But getting that aid to needy households has been slow, driven chiefly by application processing delays. Seeking to boost the pace of disbursement, the Treasury Department announced in August seven new policies meant to streamline the application process, including greater flexibility in the use of self-attestations by applicants to document financial hardship or the risk of homelessness.
The department stated in the Sept. 24 disbursement update that the Biden administration “continues its all-out effort to encourage grantees to avoid or reduce unduly burdensome documentation requirements for verifying income, provide assistance directly to tenants when landlords are not cooperative, and protect renters from eviction after payments are made on their behalf.”
In order to further accelerate the pace of distributing the ERA funds, the department said it’s rolling out new program design tools to help grantees serve even more eligible households while calling on local authorities to put in place measures preventing people from being evicted until they’ve had a chance to apply for aid.

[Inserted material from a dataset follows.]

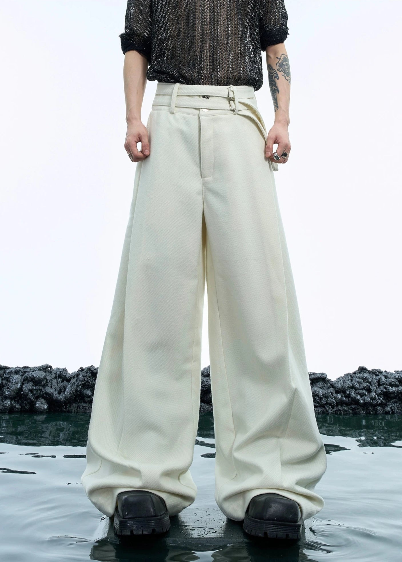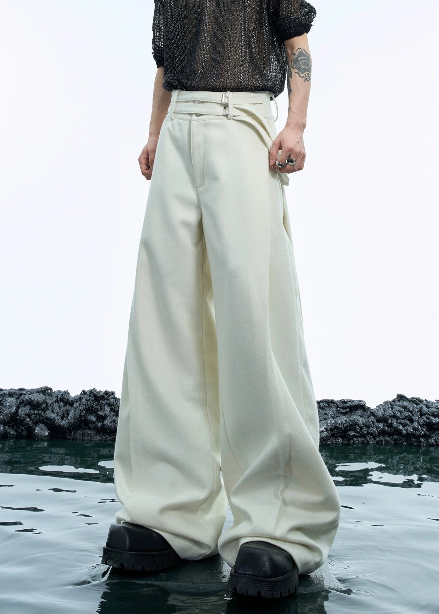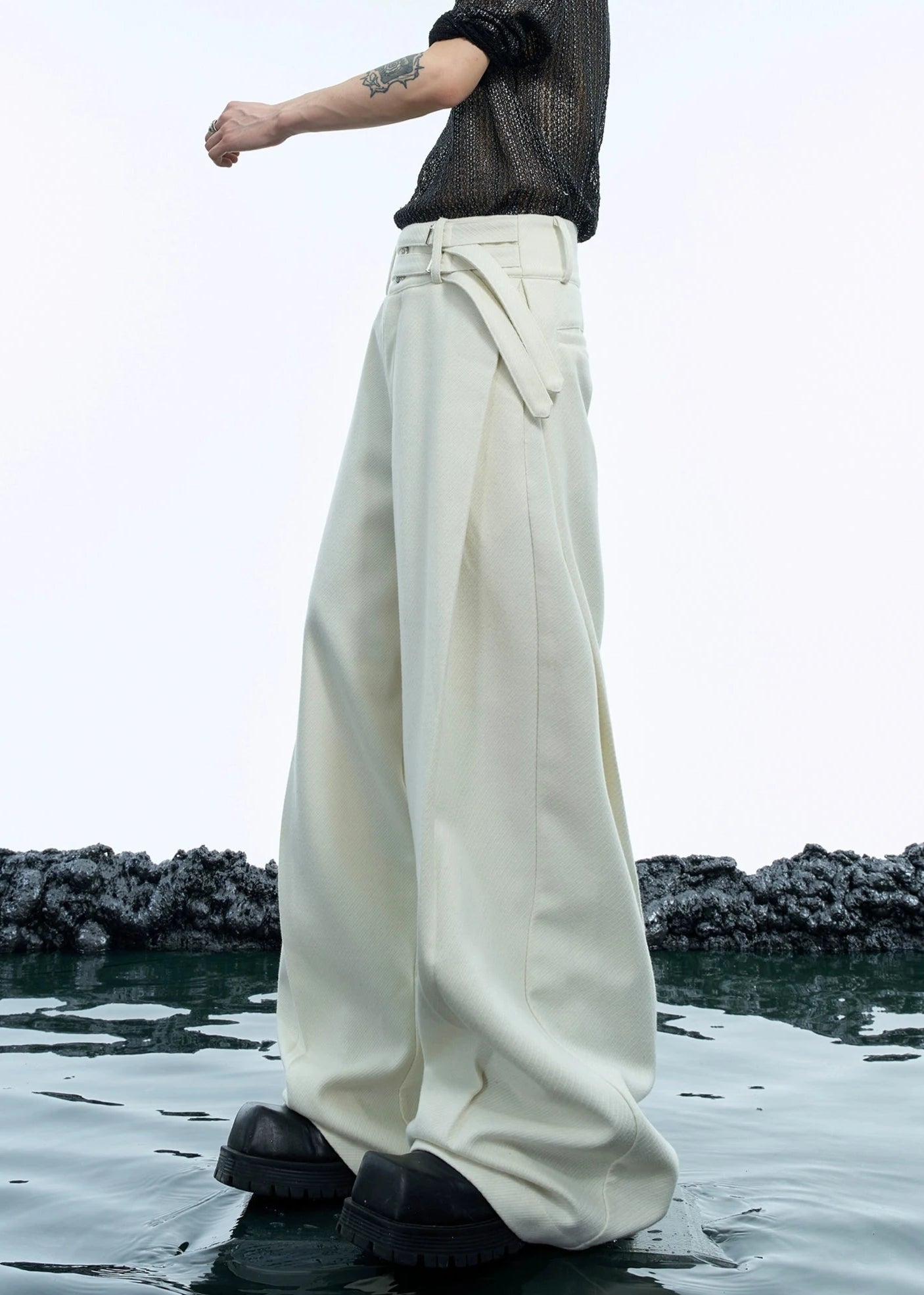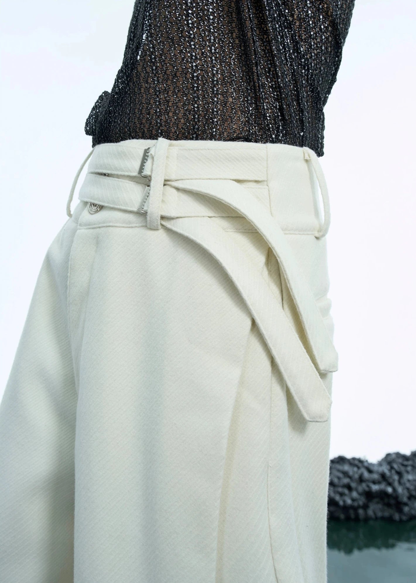セットアップのパンツ。シンプルなパンツに特徴的なベルトがポイント!

The statutes that govern the disbursement of ERA funds require the Treasury Department to begin identifying and reallocating unused funds beginning on Sept. 30.
In a Sept. 24 letter to ERA recipients (pdf), Treasury Deputy Secretary Adewale Adeyemo said detailed guidelines on fund reallocation would be released in the coming days.
Goldman Sachs economists estimated in August that 2.5 million to 3.5 million U.S. households are behind on their rent and, when the eviction moratorium expires at the beginning of October, between 1 million and 2 million households will face a higher risk of eviction.